Karakter içeriğine yönelik kolektif iştahımızı tatmin etmek için Reddit ve TikTok kullanıcıları, editörler ve yazarlarla birlikte programda görünen her şeyin ayrıntılarını belirledi ve analiz etti. Aynı San Marzano domatesleriyle yemek pişirebiliriz. Yemek kitabı koleksiyonunu kopyalayın. Carmy'nin pazularını saran aynı markanın beyaz tişörtünü giyiyor. Sidney'in enfes eşarplarını satın alın. Evdeki litre kaplarımızı aynı yeşil boyacı bandıyla etiketleyin.


Mutfağı kendi parçalarına ayırdık: jargon, tarifler, ayakkabılar. Neyin “gerçek” olduğu konusunda çok fazla heyecan vardı, ancak restoranların uğraşmak zorunda olduğu gerçek, sıkıcı sorunlara çok az ilgi vardı.

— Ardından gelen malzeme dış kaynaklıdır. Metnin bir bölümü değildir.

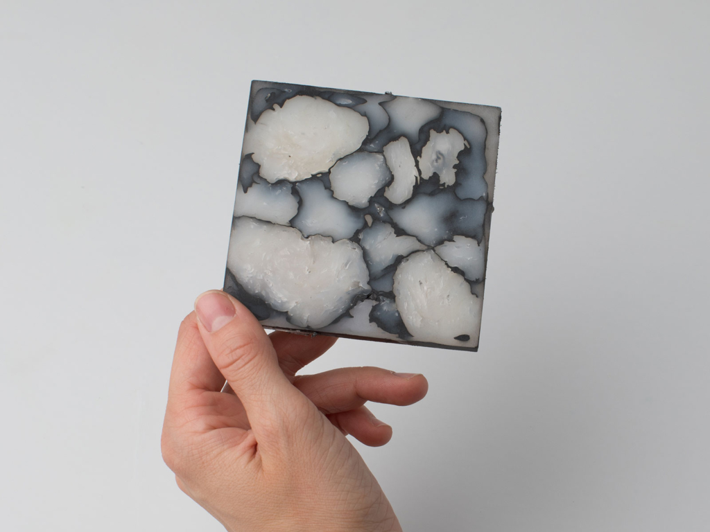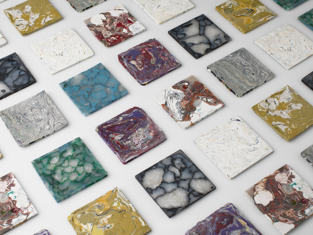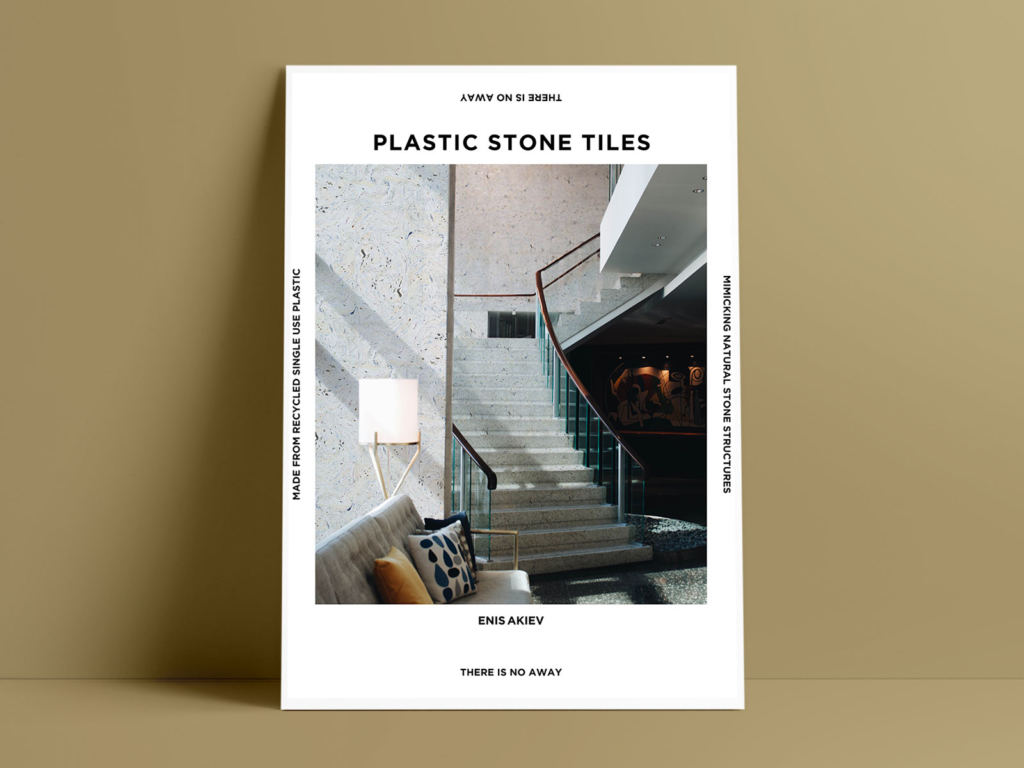 Her work adopts the fact that the majority of plastic waste ends up in the sea making the high longevity, the recycling, and the alternative use of plastic a much debated issue in the media and in environmental politics. Akiev in her work now makes use of plastic waste by transforming it into naturally looking rock-like structures that can be used for interior furnishings as aesthetically valuable material as “plastic stone tiles“. Thus, Akiev through her 2018 BA thesis sheds light on how we perceive natural resources, use and recycle plastic materials and maybe find ways for their alternative use – now to be exhibited at 2019 Milan “Salone de Mobile“ in April.
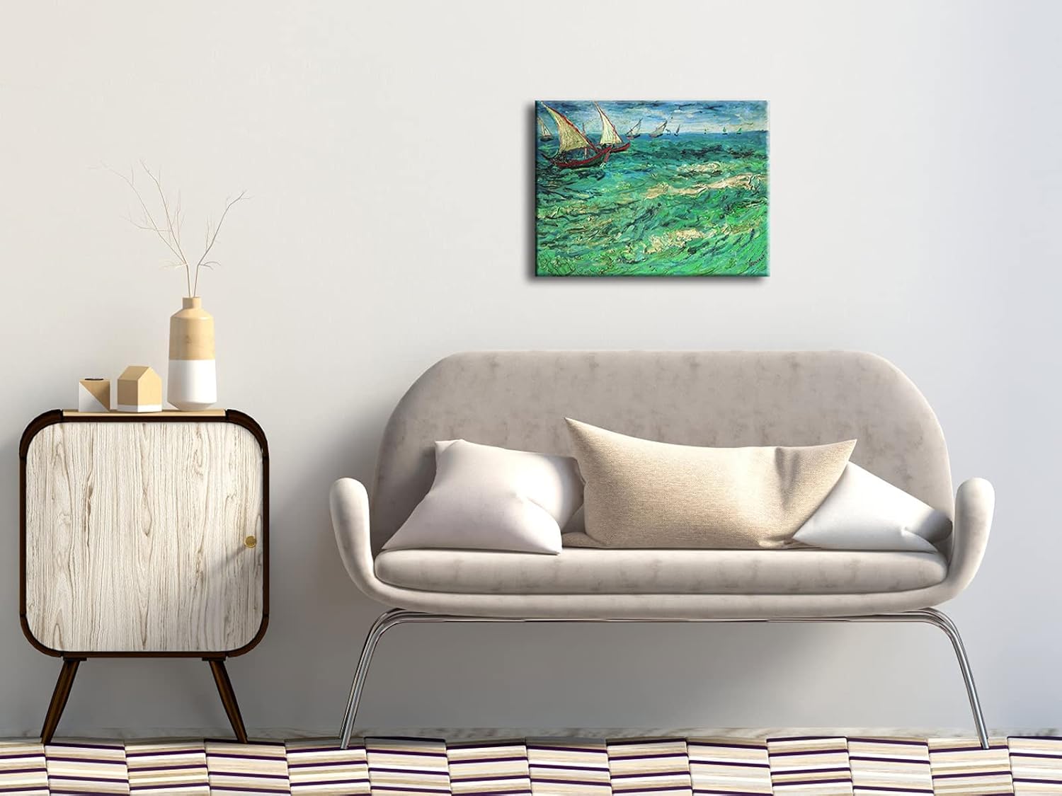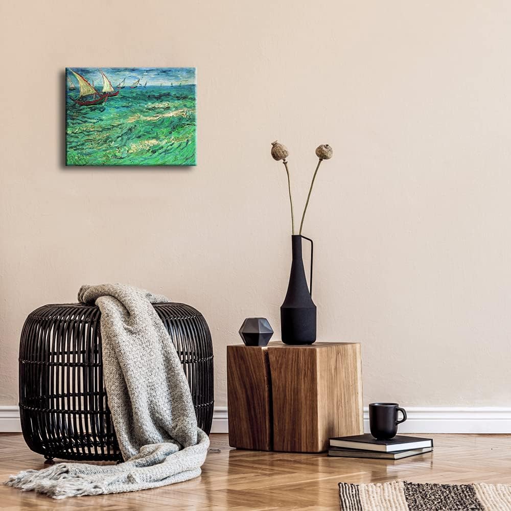Van Gogh Sailing Boats Canvas Print - Framed Seascape Wall Art for Bedroom Decor
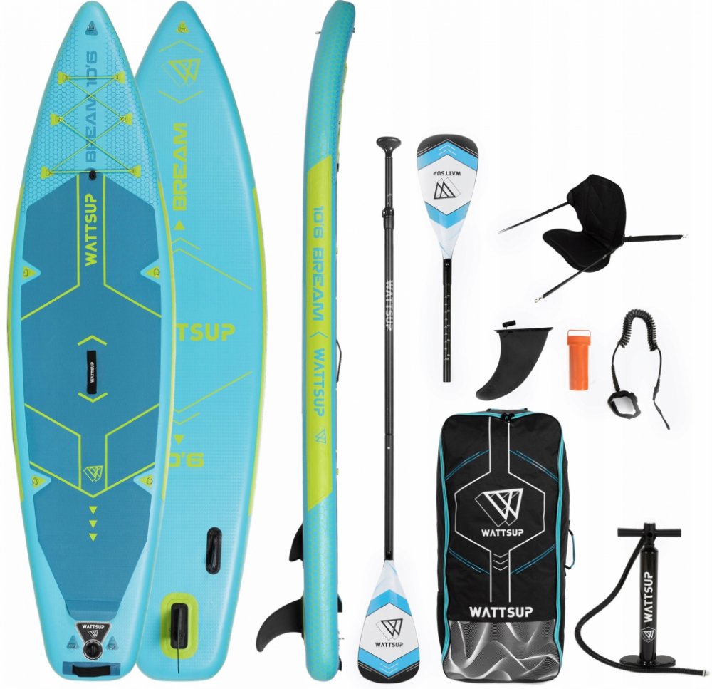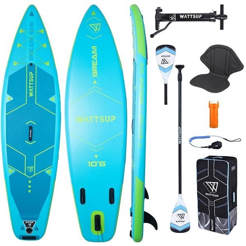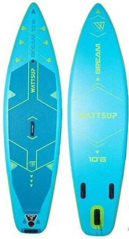 Paddleboard Wattsup Bream 10'6 ComboUniverzální allround paddleboard od francouzské značky Wattsup Bream 10'6 Combo má šířku 32”, což představuje 81 cm, a na vodě je příjemně stabilní. Jízdu na něm zvládne i úplný začátečník, ale skvěle si na něm zapádluje i zkušený paddleboardista. Nosnost paddleboardu Wattsup Bream 10'6 Combo je 135 kg a je vhodná i jako rodinná deska, na které si pohodlně zapádluje nejtěžší člen domácnosti i ten nejlehčí. Na měkké EVA pěně si nezničíš plavky a její protiskluzový povrch se postará o bezpečnost nejen tebe, ale také posádky, kterou budeš vézt.Nafukovací paddleboard Wattsup Bream 10'6 Combo je jako stvořený pro radovánky na jakémkoli typu vody. Zabav se s děckami na klidné hladině jezera za domem. Vyvětrej si hlavu při splavu řeky, když budeš na paddleboardu o samotě. S paddlebordem Wattsup Bream 10'6 Combo se nebudeš nudit ani na dovolené u moře. S 8,1 kg paddlebordem se snadno cestuje a díky zúžené jemně zdvižené špičce s ním překonáš i menší vlny. Když se zvedne vítr, nebo už nebudeš vládat pádlovat ve stoje, na paddleboard jednoduše uchytíš kajakovou sedačku pomocí karabinek.Novinka roku 2022 Wattsup Bream 10'6 Combo už na první pohled zaujme svými rozměry o délce 320 cm a šířce 81 cm. Allround paddleboard má příjemné zúžené křivky směrem ke špičce, což mu dodává skvělé jízdní vlastnosti, jako je držení směru a schopnost jet rychleji. Samozřejmostí je také skvělá výbava desky. Na paddleboardu najdeš bungee lano, pod které uchytíš vše co na svém výletě budeš potřebovat, uprostřed se nachází neoprenová rukojeť, pomocí které svůj paddleboard bez problémů odvezeš k vodě. Součástí paddleboardu jsou i integrovaná kovová očka. D-ringy, k uchycení kajakové sedačky, pojistného popruhu nebo k ukotvení desky o molo.Rozměry: 320 cm x 81 cm x 15 cmNosnost: 135 kg
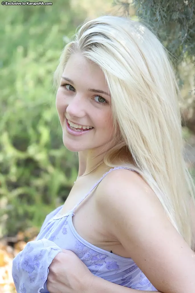 Ангелоподобная юная блондинка Holly Van Hough с милым В-размером груди и чистой киской позирует голой на улице — Holly Van Hough
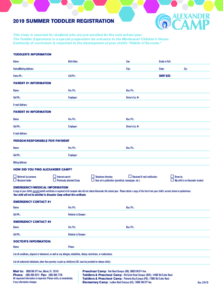 2019 SUMMER TODDLER REGISTRATION This class is reserved for students who are preened rolled for the next school year. The Toddler Experience is a special preparation for entrance to the Montessori
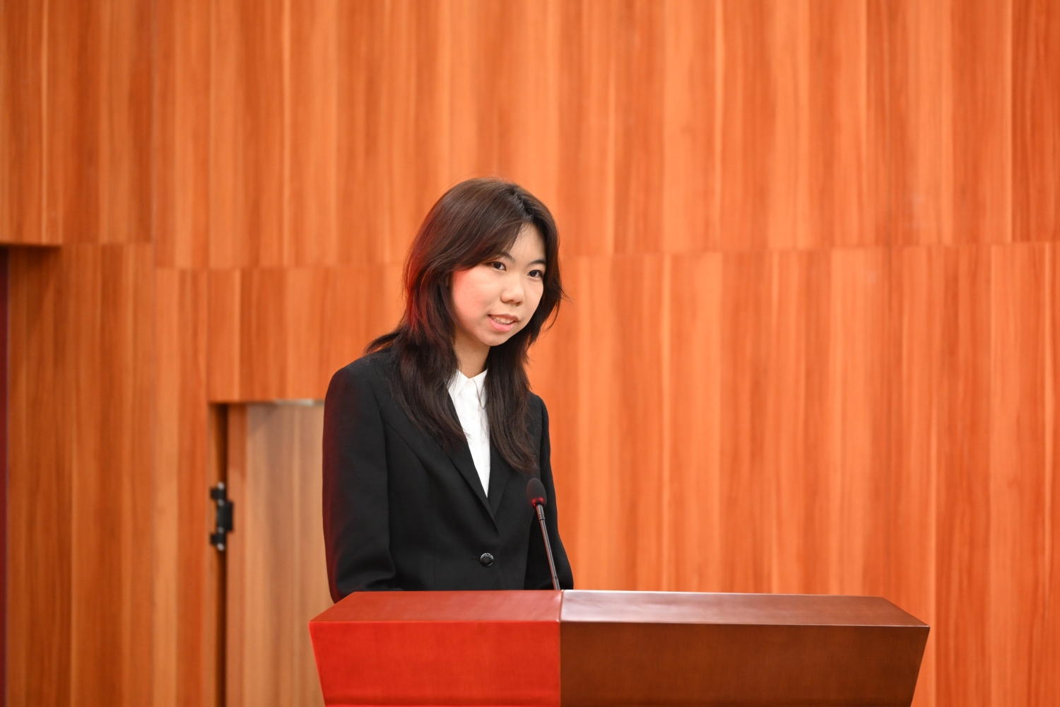 在座谈交流环节,国际班学生代表李沛芷、王锡平依次上台,分享他们在国际班的学习生活点滴,讲述了在大学生活中如何克服困难、不断成长,展现了国际班学生积极向上的精神风貌。
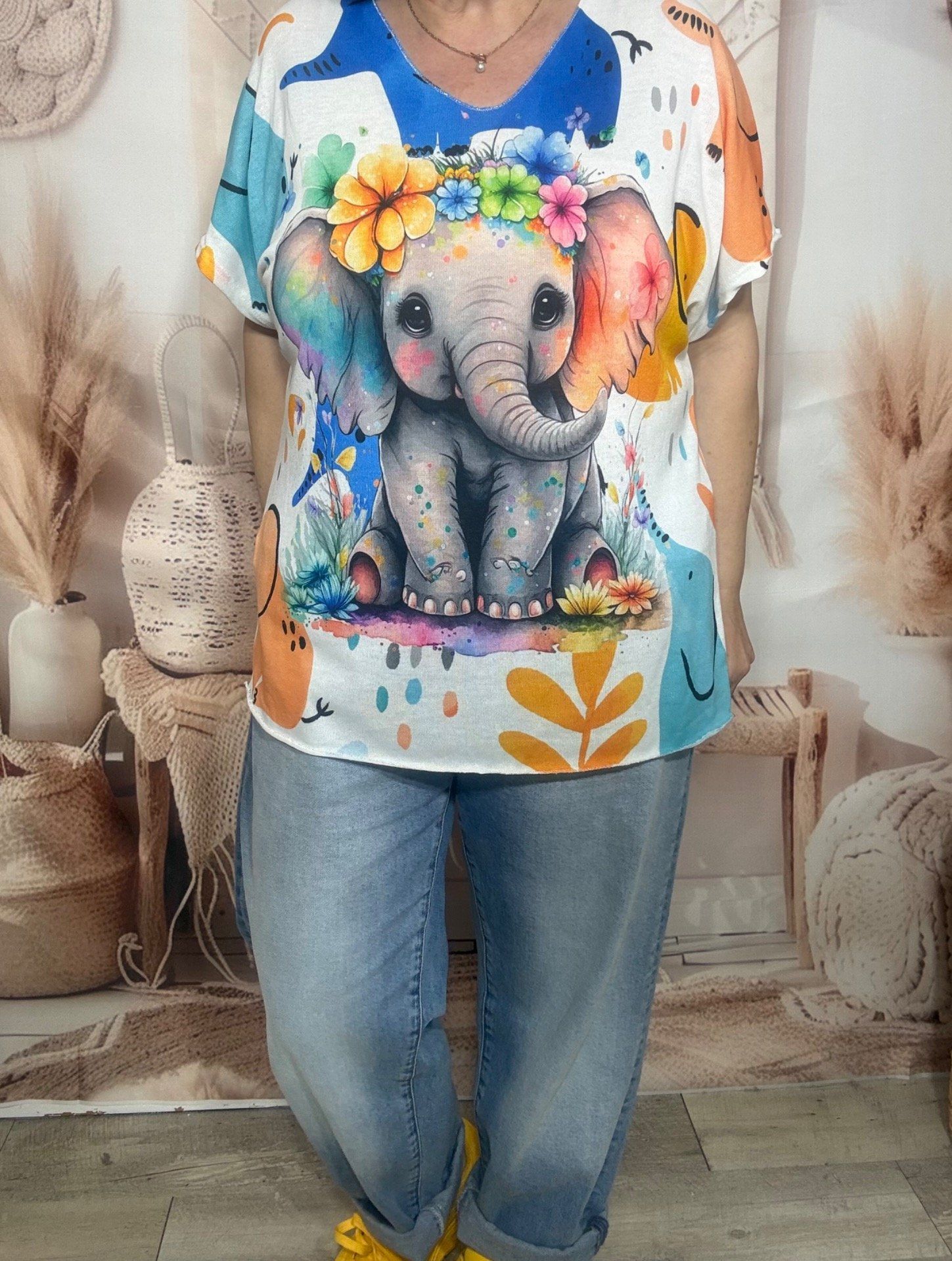 Top ample blanc Mon Adorable Petit Eléphant Lurex argenté du 40 au 48/50

“Ayı Etkisi”nin insan üzerindeki etkisi biz Mutfaklarda çalışan insanlara ilgim daha az, onların estetiğine daha çok ilgim vardı. Çarpık litrelik kaptan vintage cekete kadar mutfak aletlerinin sevimli, alışverişe uygun detayları.

The Bear bizi profesyonel mutfaklarda çalışmanın gerçeklerine alıştırırken ve restoran endüstrisinin karmaşıklıkları konusunda bize bir anlayış ve fikir verirken, The Bear Effect bizi bir çift Birkenstock Tokyo aramaya yöneltti. Hiçbir öğe imrenilecek kadar küçük değildi.

Belki bugün televizyon izleme şeklimiz budur ama ikinci sezonu bitirdikten sonra evimin mutfağı için yeni bir Sharpies seti satın alma dürtüsüne teslim oldum.

Daha elime almadan önce, onu tutan buruşuk plastiği kutudan kopardığımı hayal ettim. Taze, mürekkep lekeli bir tüy kalemle yazmanın zevkini hayal ettim. Ve nihayet evimin mutfağındaki bir Cambro fincan ununu yanlışlıkla etiketlemek için kalemin kapağını çıkardığımda, gösterinin gerçek hayatıma yansıdığını neredeyse hayal edebiliyordum.